--- Data records ---
%%

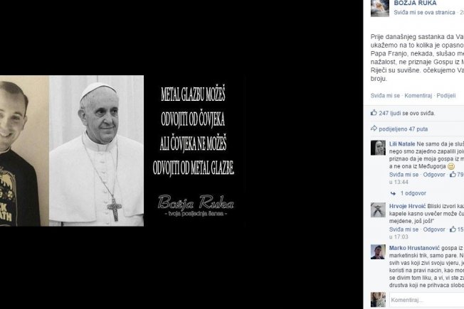 Čak je i metal glazba detektirana kao zlo, a kritike su upućene i papi Franju. 'Da Vam još jednom ukažemo na to kolika je opasnost od metal glazbe. Papa Franjo, nekada, slušao metal glazbu a danas, nažalost, ne priznaje Gospu iz Međugorja. Riječi su suvišne,' stoji u objavi. Osim toga, kao prijetnju ka 'duhovnom miru' prepoznali su i glazbenika Damira Urbana kojeg su proglasili pedofilom, a pohvaljen je Zlatan Stipišić Gibonni koji je 'odbacio metal, muziku Sotone, koja vodi na krivi put'. Jedini, po njima prihvatljiv metal je 'kršćanski' ili 'white metal', a omiljeni takav izvođač im je Marko Perković Thompson.
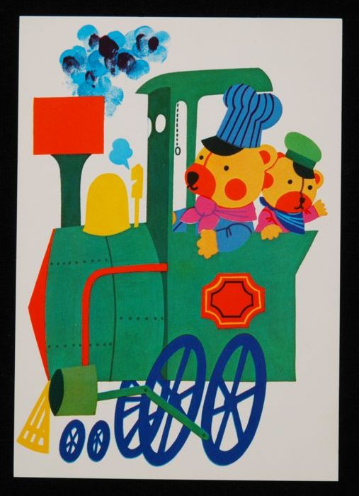 Prentbriefkaart voor het kind: twee beren in locomotief
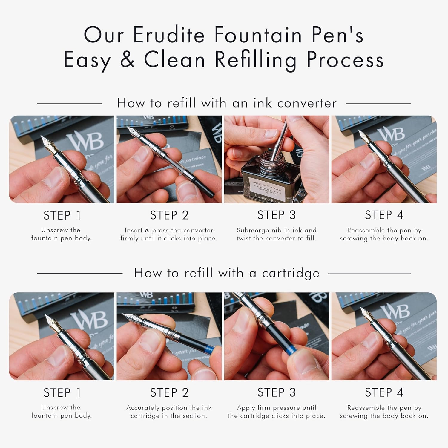- ✒️Discover The All-inclusive Refillable Fountain Pen Set - Includes luxurious fountain pen, ink converter, 24 Pack Ink Cartridges, and a Gift Pouch - ready to be gifted. Each calligraphy ink and fountain pen ink cartridges comes in a plastic re-closable case and will last you at least 2 weeks of regular use. With every order is a complete instruction booklet for your Wordsworth and Black Pen Set. All the information you'll need to get started using and enjoying your luxurious writing tool!
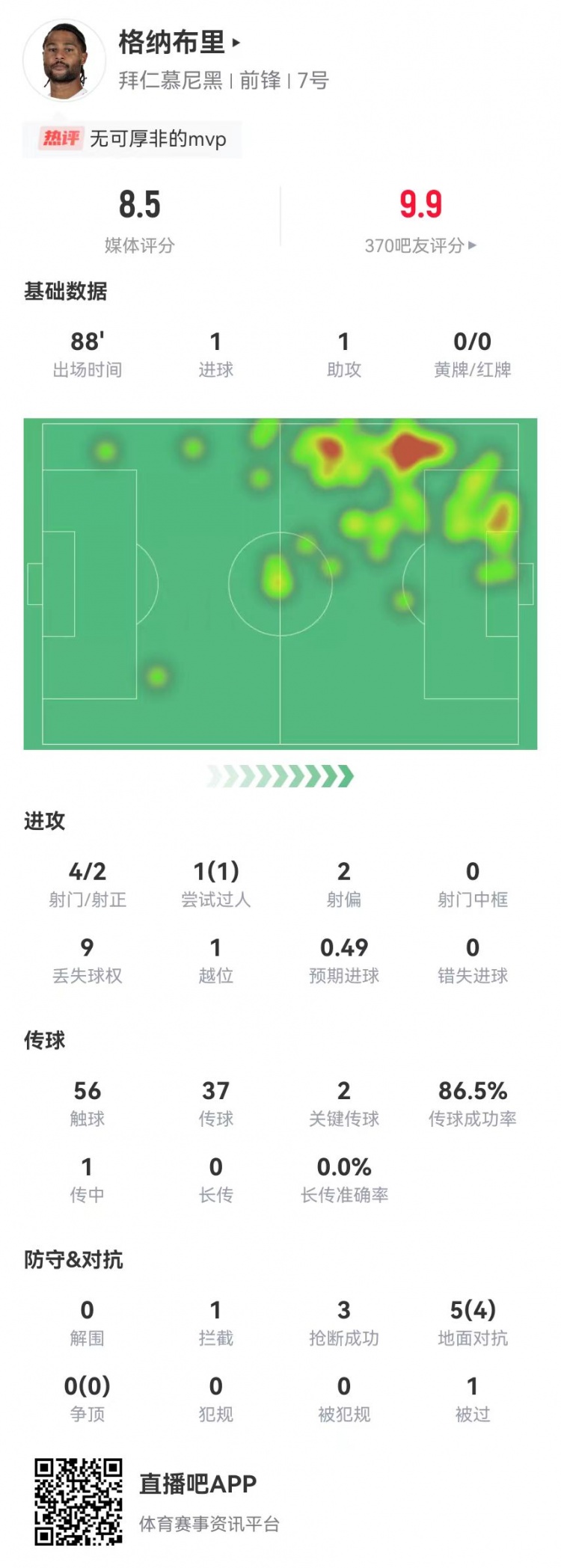 12月10日讯 拜仁在本轮欧冠对阵葡体,格纳布里本场数据如下:
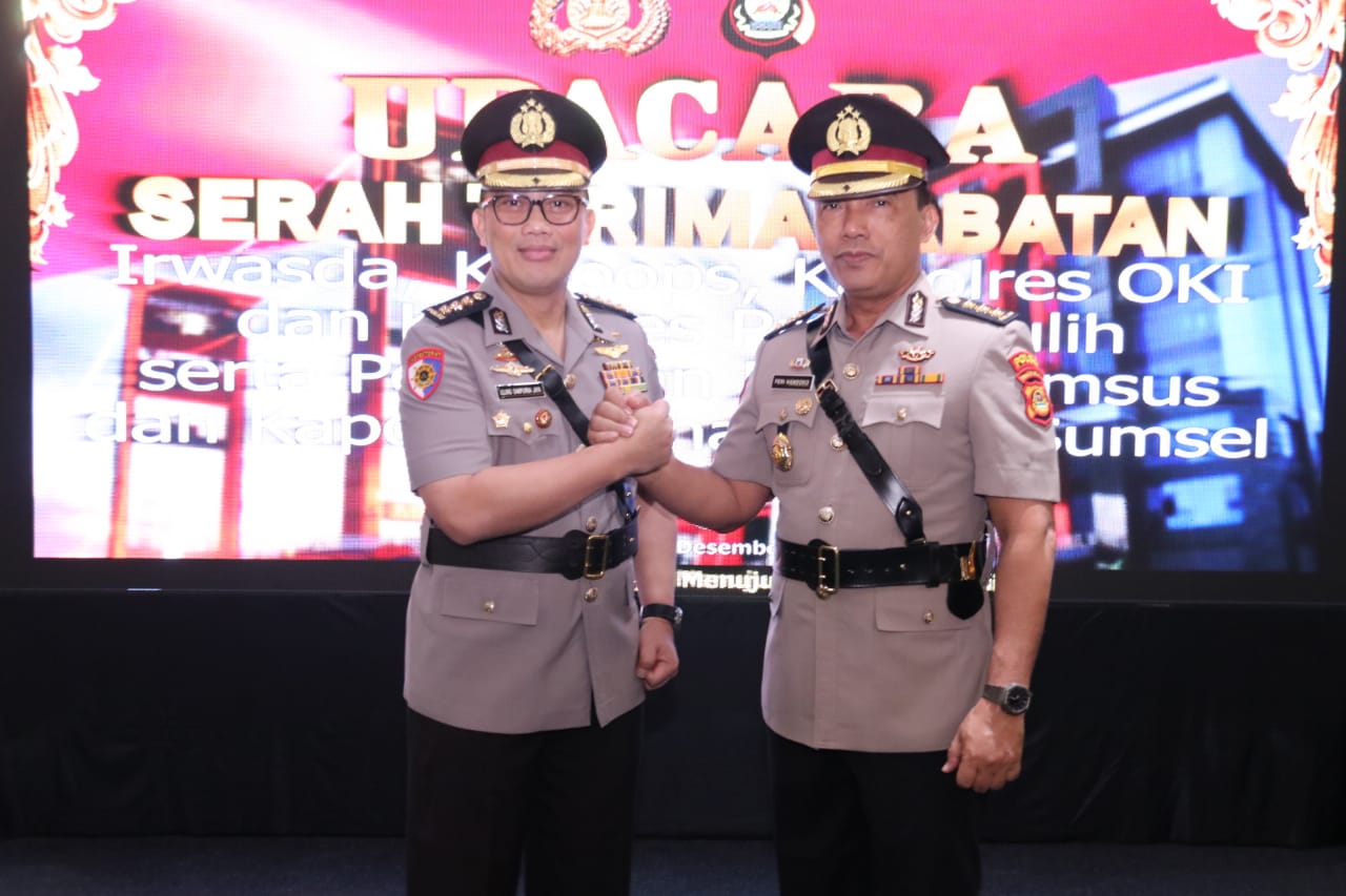 Adapun yang serah terimakan di antaranya, Kombes Agus Suropratomo Oktobrianto, Dirresnarkoba Polda Kepri dimutasi menjadi Dirreskrimsus Polda Sumsel. Posisi Dirreskrimsus Polda Sumsel sendiri sebelumnya sempat kosong setelah ditinggal oleh almarhum Kombes Agung Marlianto yang wafat beberapa waktu lalu.
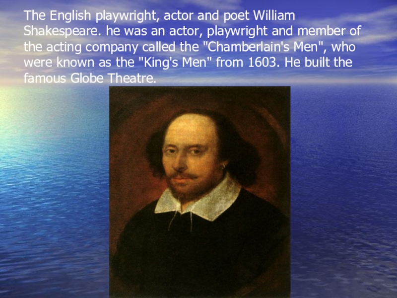 Слайд 20The English playwright, actor and poet William Shakespeare. he was an
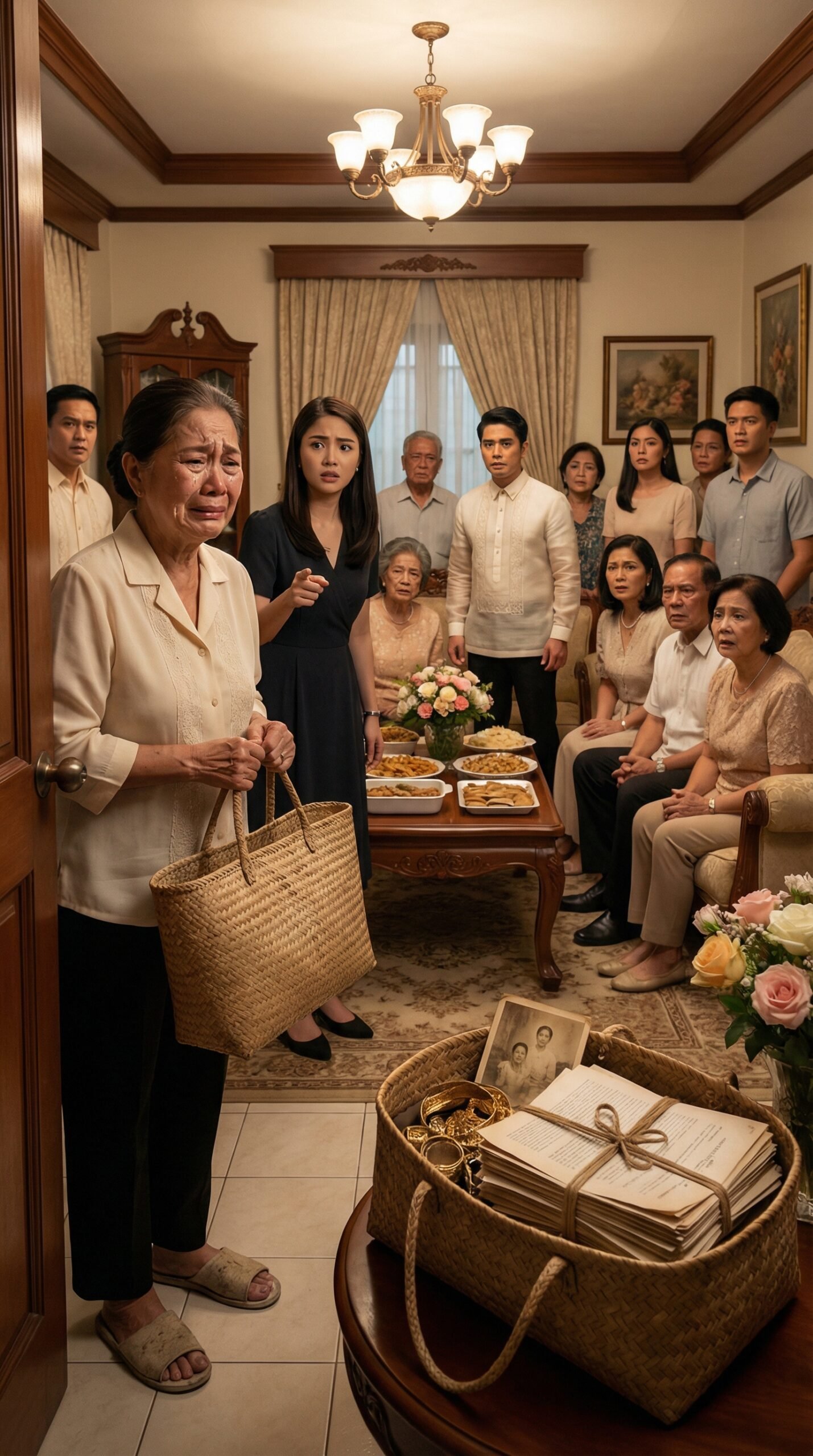 Sa paa niya ay kupas na tsinelas. Sa kamay niya ay isang lumang bayong na tila hindi bagay sa makinang na sala, mamahaling kurtina, at mga matang sanay sa anyo bago sa laman.
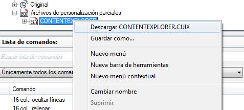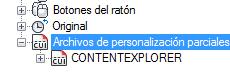 Los archivos CUIx parciales cargados en el archivo CUIx principal se muestran bajo el nodo Archivos de personalización parciales.
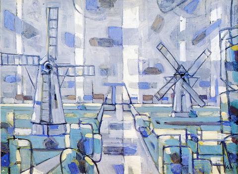 rgba(255,255,255,1) Hans SeilerMoulins en Hollande, 195720 x 27 cmHollandeGouache, signée et datée en bas à droite
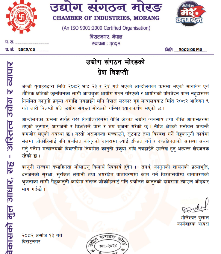 उद्योग संगठन मोरङले २०८२ भदौ २३ र २४ गते भएको आन्दोलनका क्रममा भएको मानवीय एवं भौतिक क्षतिको छानबिनका लागि गठित आयोगको प्रतिवेदन प्राप्त नहुँदासम्म नियमित कानुनी प्रक्रिया अगाडि नबढाउने भनि नेपाल सरकार गृह मन्त्रालयबाट जारी विज्ञप्तिप्रति गम्भीर ध्यानाकर्षण भएको जनाएको हो।
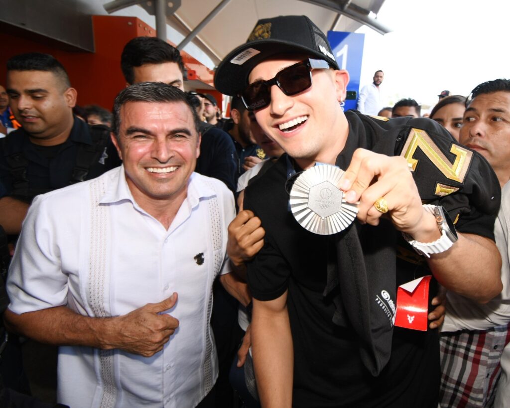 Mazatlán, Sinaloa.- Con gran emoción, autoridades de la Universidad Autónoma de Sinaloa (UAS), recibieron en el aeropuerto de Mazatlán, al medallista olímpico, Marco Alonso Verde Álvarez, Águila UAS.

%%

--- Problem to solve ---
Text only, pictures out: give every record again as written.

--- Answer box ---
 Čak je i metal glazba detektirana kao zlo, a kritike su upućene i papi Franju. 'Da Vam još jednom ukažemo na to kolika je opasnost od metal glazbe. Papa Franjo, nekada, slušao metal glazbu a danas, nažalost, ne priznaje Gospu iz Međugorja. Riječi su suvišne,' stoji u objavi. Osim toga, kao prijetnju ka 'duhovnom miru' prepoznali su i glazbenika Damira Urbana kojeg su proglasili pedofilom, a pohvaljen je Zlatan Stipišić Gibonni koji je 'odbacio metal, muziku Sotone, koja vodi na krivi put'. Jedini, po njima prihvatljiv metal je 'kršćanski' ili 'white metal', a omiljeni takav izvođač im je Marko Perković Thompson.
 Prentbriefkaart voor het kind: twee beren in locomotief
- ✒️Discover The All-inclusive Refillable Fountain Pen Set - Includes luxurious fountain pen, ink converter, 24 Pack Ink Cartridges, and a Gift Pouch - ready to be gifted. Each calligraphy ink and fountain pen ink cartridges comes in a plastic re-closable case and will last you at least 2 weeks of regular use. With every order is a complete instruction booklet for your Wordsworth and Black Pen Set. All the information you'll need to get started using and enjoying your luxurious writing tool!
 12月10日讯 拜仁在本轮欧冠对阵葡体,格纳布里本场数据如下:
 Adapun yang serah terimakan di antaranya, Kombes Agus Suropratomo Oktobrianto, Dirresnarkoba Polda Kepri dimutasi menjadi Dirreskrimsus Polda Sumsel. Posisi Dirreskrimsus Polda Sumsel sendiri sebelumnya sempat kosong setelah ditinggal oleh almarhum Kombes Agung Marlianto yang wafat beberapa waktu lalu.
 Слайд 20The English playwright, actor and poet William Shakespeare. he was an
 Sa paa niya ay kupas na tsinelas. Sa kamay niya ay isang lumang bayong na tila hindi bagay sa makinang na sala, mamahaling kurtina, at mga matang sanay sa anyo bago sa laman.
 Los archivos CUIx parciales cargados en el archivo CUIx principal se muestran bajo el nodo Archivos de personalización parciales.
 rgba(255,255,255,1) Hans SeilerMoulins en Hollande, 195720 x 27 cmHollandeGouache, signée et datée en bas à droite
 उद्योग संगठन मोरङले २०८२ भदौ २३ र २४ गते भएको आन्दोलनका क्रममा भएको मानवीय एवं भौतिक क्षतिको छानबिनका लागि गठित आयोगको प्रतिवेदन प्राप्त नहुँदासम्म नियमित कानुनी प्रक्रिया अगाडि नबढाउने भनि नेपाल सरकार गृह मन्त्रालयबाट जारी विज्ञप्तिप्रति गम्भीर ध्यानाकर्षण भएको जनाएको हो।
 Mazatlán, Sinaloa.- Con gran emoción, autoridades de la Universidad Autónoma de Sinaloa (UAS), recibieron en el aeropuerto de Mazatlán, al medallista olímpico, Marco Alonso Verde Álvarez, Águila UAS.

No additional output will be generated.